MN sucks for hunting. I am ready to quit hunting here.


----------



## goosehunternd (Mar 10, 2006)

> MN sucks for hunting. I am ready to quit hunting here.


haha, that just made me laugh, now it is time for bed 2:30 is guna come to quick.


----------



## diver_sniper (Sep 6, 2004)

Yeah, I was going to hunt MN this weekend, but we ended up in one of those situations where the land owner and the land renter weren't on the same page. So we ended up having our plans shut down on us after dark Friday night. We just went fishing instead.

We tried scouting afterwards, found a field with a few birds on it, drove in and asked if we could hunt. The guy told us we were the 5th truck to ask so far that day (it was noon when we asked) and that the people who he did give permission to had asked before the field was even harvested.

After that we got back in the truck and began planning where we would fish the next day. Not even worth the gas money on scouting when permission is handed out to fields in July.
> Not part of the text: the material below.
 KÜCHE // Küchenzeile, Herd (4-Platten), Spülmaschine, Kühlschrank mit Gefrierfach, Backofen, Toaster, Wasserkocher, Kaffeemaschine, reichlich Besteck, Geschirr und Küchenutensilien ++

I personally haven't seen enough geese in MN this year to even really understand why we have an early season. Maybe that's just me though.


----------



## scissorbill (Sep 14, 2003)

Hey that sounds typical, remember we need MORE hunters cuz the sport is dying cuz nobody goes anymore with our hectic lifestyle and we have lost root to our past. Get out there and recruit some hunters . What a joke. And I agree that the goose population at least in this area is no where even close to requiring an early season, but I would guess that it is an easy money maker and is ingrained forever geese or no geese. The resource is a secondary consideration in Minnesota.


----------



## Dunk221999 (Sep 11, 2002)

Talked to six groups of (seasoned) hunters in MN. All had similar stories, frustrations, and ALL expierenced a reduced goose flight.
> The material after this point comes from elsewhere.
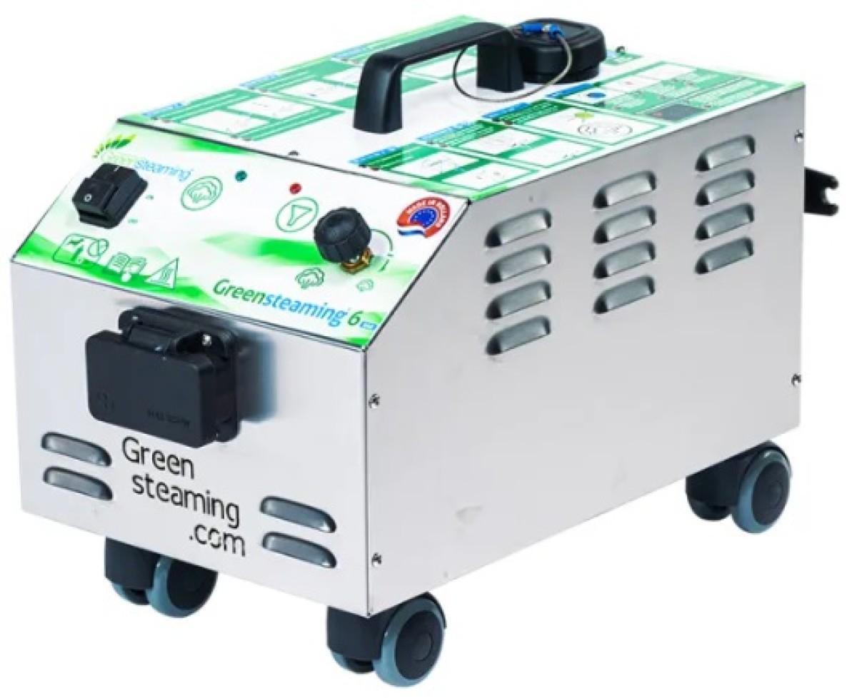 De Greensteaming® 6 is met regelbare 6 bar zowel met droge als natte stoom (extra spoelwater) de ideale schoonmaakhulp voor thuisgebruik en semi-professioneel op de meest uiteenlopende oppervlakte (let op: moet wel hittebestendig en kleurecht zijn).

As previous posters mentioned- the early goose season in MN is a joke. I haven't went for the past 4 years as I do not enjoy the rat race that occurs.

Heading to Sask in 2 weeks for some real hunting.

Also: As mentioned before on this forum, Minnesota's problem is that we have DNR.

We should have a Game & Fish Department that doesn't spend hundreds of thousands of dollars entertaining conservation officers and other conservation personnel at golf courses and fishing events.


----------



## hunt4P&amp;Y (Sep 23, 2004)

I can't even imagine setting up with 6 different spreads in a field! That almost souds as bad as how they deer hunt over there. I can't wait till this year when I will have my video camera with to catch the footage of all the guys that set up on the edge of others land and shoot deer off of it.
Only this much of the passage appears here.